ABOVE: The magic ingredient in the latest Beech and Hawker designs - a honeycomb of phenol-impregnated paper, sandwiched between two multi-layered skins of carbon-graphite cloth, impregnated with chemical resin. The result is as strong as aluminum, at a fraction of the weight.

ABOVE: FSI instructor Jim Vann shows how to patch a hole in composites -- a tricky, delicate business, requiring a healthy respect for safety (toxic dust and chemicals), and a scrupulous attention to detail, procedures, and timing (the stuff dries fast).


ABOVE: A special treat: We got to sample FSI's jet and turboprop cockpit simulators. Using the latest "touch-screen" technology, most of the controls are simulated by images on the "MATRIX" screens, which are activated by the students' touch.

I tried the sim for the "world's most advanced busines jet," the Hawker 4000 (born "Hawker Horizon"), shown below.

Years ago, briefly, I was the first person outside of Hawker-Beech and FSI to sample the regular, actual-cockpit, full-motion Hawker Horizon simulator. But it's been years ago, and I was REALLY rusty! After much head-scratching and educated guesswork, my "copilot" and I managed to get the 4000 "started up," and "rollin' down the road."

The representation of the glass cockpit is quite realistic, but the act of learning to "turn" a knob or "flip" a switch, by touching something on a screen, is quite unnatural and awkward, at first. The real plane (above) has real knobs and switches -- but all its instruments are glass-panel "EFIS" ("Electronic Flight Instrumentation System") displays, much as depicted on the MATRIX monitor screens here.

BELOW, RIGHT: Both engines humming, and a full panel of instruments. The black screen with blue & brown , at far left, is the "PFD" ("Primary Flight Display") indicating aircraft attitude, altitude, airspeed, compass heading, and such.

Beside it, in green and white, the "MFD" ("Multi-Function Display"), shows many things, including navigation guidance, communcations settings, and weather radar.
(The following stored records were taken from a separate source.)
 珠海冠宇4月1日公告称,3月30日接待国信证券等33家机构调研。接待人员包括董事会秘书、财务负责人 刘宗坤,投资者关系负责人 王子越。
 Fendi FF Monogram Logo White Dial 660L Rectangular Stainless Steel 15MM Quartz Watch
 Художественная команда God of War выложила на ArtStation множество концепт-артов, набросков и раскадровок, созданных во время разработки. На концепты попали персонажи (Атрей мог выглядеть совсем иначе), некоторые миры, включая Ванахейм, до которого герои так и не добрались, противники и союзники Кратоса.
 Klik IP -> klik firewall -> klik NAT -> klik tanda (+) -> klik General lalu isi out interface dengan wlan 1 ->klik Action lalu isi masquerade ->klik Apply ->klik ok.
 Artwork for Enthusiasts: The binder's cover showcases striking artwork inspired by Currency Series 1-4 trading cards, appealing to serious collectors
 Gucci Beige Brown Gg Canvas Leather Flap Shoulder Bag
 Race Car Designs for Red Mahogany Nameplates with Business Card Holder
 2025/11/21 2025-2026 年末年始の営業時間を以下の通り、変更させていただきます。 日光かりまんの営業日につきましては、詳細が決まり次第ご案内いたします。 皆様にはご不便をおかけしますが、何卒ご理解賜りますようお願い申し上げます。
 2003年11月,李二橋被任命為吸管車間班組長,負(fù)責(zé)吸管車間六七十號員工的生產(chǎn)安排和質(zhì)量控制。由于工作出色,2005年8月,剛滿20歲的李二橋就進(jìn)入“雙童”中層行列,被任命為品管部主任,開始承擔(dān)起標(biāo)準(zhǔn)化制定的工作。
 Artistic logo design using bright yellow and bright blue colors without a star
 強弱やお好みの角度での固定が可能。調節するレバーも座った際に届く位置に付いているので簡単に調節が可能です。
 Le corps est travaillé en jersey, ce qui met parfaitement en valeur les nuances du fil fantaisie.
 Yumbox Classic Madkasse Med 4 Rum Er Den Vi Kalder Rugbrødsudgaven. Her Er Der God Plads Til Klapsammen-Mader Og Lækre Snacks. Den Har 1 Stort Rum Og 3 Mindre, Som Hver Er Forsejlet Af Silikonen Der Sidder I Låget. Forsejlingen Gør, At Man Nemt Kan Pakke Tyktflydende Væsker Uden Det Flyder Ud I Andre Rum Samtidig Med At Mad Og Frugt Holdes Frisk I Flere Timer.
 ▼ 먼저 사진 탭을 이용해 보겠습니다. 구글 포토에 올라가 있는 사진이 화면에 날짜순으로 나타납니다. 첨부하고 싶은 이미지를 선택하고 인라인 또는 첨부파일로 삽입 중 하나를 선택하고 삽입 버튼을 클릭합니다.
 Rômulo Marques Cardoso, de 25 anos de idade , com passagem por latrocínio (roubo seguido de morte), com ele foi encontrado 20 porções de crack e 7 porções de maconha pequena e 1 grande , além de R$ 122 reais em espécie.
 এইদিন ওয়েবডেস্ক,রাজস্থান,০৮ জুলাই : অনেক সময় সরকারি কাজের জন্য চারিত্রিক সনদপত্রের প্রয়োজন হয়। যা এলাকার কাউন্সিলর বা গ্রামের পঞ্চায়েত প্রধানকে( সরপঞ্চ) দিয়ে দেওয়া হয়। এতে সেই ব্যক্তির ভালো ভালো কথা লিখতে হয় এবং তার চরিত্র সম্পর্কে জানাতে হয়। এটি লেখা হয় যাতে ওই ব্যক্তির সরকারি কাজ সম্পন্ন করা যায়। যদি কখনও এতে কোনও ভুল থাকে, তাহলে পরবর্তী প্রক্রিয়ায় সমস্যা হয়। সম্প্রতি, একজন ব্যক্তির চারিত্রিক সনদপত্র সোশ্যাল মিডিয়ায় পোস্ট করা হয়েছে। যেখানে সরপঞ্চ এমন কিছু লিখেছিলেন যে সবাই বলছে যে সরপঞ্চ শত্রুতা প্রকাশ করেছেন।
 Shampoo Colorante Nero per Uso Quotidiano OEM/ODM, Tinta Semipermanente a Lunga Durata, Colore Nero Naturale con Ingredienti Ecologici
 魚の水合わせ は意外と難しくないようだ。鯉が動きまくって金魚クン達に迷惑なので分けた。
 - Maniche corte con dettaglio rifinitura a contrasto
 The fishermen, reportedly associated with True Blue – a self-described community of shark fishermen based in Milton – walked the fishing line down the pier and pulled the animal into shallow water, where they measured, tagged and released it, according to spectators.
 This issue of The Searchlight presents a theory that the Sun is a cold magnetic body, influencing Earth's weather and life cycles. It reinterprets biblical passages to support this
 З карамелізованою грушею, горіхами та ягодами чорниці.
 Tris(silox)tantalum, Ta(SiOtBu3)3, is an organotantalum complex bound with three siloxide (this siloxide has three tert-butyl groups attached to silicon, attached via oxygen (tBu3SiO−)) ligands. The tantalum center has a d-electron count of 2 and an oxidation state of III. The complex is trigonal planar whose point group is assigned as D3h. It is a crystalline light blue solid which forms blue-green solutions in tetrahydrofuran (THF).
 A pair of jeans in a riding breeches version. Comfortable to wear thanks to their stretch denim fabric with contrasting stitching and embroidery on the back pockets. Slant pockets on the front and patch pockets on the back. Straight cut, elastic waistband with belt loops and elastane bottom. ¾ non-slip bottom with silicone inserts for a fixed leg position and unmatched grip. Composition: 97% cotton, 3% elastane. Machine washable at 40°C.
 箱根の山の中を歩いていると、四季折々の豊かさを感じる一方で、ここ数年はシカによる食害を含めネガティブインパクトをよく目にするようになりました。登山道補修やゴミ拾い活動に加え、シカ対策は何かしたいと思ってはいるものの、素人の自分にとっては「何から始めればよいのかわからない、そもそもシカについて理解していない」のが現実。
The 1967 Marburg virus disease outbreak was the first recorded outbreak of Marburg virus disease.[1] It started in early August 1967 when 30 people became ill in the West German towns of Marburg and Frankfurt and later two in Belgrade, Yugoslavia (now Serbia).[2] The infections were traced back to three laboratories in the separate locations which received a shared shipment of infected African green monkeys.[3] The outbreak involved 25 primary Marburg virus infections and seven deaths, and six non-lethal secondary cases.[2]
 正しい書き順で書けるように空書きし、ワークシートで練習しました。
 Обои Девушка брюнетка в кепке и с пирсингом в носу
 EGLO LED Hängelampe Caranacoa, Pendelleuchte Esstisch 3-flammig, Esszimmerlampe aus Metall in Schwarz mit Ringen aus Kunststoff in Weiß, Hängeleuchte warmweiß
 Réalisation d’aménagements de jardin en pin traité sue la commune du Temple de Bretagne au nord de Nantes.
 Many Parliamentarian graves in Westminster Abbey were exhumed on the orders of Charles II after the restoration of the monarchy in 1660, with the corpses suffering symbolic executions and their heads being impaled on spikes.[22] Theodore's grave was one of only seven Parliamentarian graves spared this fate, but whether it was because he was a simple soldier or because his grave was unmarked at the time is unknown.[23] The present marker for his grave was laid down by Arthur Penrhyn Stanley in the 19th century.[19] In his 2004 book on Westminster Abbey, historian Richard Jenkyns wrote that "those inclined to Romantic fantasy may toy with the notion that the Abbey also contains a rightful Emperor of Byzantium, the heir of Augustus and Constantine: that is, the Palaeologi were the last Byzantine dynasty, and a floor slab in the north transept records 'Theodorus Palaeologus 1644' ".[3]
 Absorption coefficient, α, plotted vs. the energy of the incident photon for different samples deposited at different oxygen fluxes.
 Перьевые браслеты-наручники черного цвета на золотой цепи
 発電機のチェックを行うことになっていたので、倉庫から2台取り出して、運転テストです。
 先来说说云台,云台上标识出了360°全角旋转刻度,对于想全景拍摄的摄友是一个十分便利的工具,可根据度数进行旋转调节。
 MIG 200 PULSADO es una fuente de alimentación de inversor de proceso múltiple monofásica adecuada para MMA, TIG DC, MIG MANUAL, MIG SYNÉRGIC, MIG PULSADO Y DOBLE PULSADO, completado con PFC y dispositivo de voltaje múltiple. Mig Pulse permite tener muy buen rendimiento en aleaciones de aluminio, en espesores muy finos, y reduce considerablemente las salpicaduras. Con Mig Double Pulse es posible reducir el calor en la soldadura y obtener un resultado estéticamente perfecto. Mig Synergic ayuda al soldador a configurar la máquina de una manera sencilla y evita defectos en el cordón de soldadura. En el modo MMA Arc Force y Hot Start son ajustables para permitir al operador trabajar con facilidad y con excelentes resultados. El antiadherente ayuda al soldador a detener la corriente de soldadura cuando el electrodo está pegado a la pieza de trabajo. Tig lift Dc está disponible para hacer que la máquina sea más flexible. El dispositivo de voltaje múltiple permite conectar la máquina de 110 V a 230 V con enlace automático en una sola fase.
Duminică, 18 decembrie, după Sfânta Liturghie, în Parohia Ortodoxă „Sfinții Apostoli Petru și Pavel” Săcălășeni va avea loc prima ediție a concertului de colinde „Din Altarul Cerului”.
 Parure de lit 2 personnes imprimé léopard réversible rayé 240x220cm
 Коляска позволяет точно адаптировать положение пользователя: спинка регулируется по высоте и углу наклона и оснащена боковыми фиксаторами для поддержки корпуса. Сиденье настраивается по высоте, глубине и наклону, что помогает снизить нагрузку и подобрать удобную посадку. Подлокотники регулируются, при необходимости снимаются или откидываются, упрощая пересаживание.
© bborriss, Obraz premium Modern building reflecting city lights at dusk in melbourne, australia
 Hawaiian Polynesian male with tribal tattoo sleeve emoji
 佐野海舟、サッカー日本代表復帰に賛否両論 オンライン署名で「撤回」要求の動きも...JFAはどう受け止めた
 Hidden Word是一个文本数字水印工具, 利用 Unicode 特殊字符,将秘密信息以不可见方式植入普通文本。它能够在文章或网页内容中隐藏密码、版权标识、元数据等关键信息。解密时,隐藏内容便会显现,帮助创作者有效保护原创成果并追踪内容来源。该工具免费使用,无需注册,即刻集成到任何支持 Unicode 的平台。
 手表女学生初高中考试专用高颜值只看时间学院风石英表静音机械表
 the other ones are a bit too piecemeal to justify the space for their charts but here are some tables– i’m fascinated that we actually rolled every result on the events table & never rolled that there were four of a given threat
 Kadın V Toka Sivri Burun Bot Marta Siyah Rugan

It can also show schematic diagrams indicating the current condition of each aircraft system -- depicting fuel flows in this instance.

(A matching set of PFD/MFD screens appears on the copilot's side, though the copilot is looking at another system on his MFD).

We're each using a "drop-down menu" to change our MFD displays to other aircraft systems. My hand is barely visible in lower right corner, resting on a touchpad, which works like a computer mouse, to allow you to control the displays. Truly the bizjet for the video-game generation!

In the middle, an "EICAS" display ("Engine Indicating & Crew Alerting System") substitutes for traditional engine instruments and warning lights.

The center console, between the pilots, mounts a matched pair of flight computers -- providing detailed navigation guidance (or you can program it to basically fly itself from about takeoff to about landing), and the lowest video panel contains images of throttles and other controls -- which you can actually "move" by tapping and moving your fingers over them (the real airplane, however, DOES have real throttles and controls you can grip).

Over the top of the console, facing downward, another screen holds the various controls for electrical system, fuel distribution, ice and rain protection, and other systems. Environmental controls are on the copilot's armrest.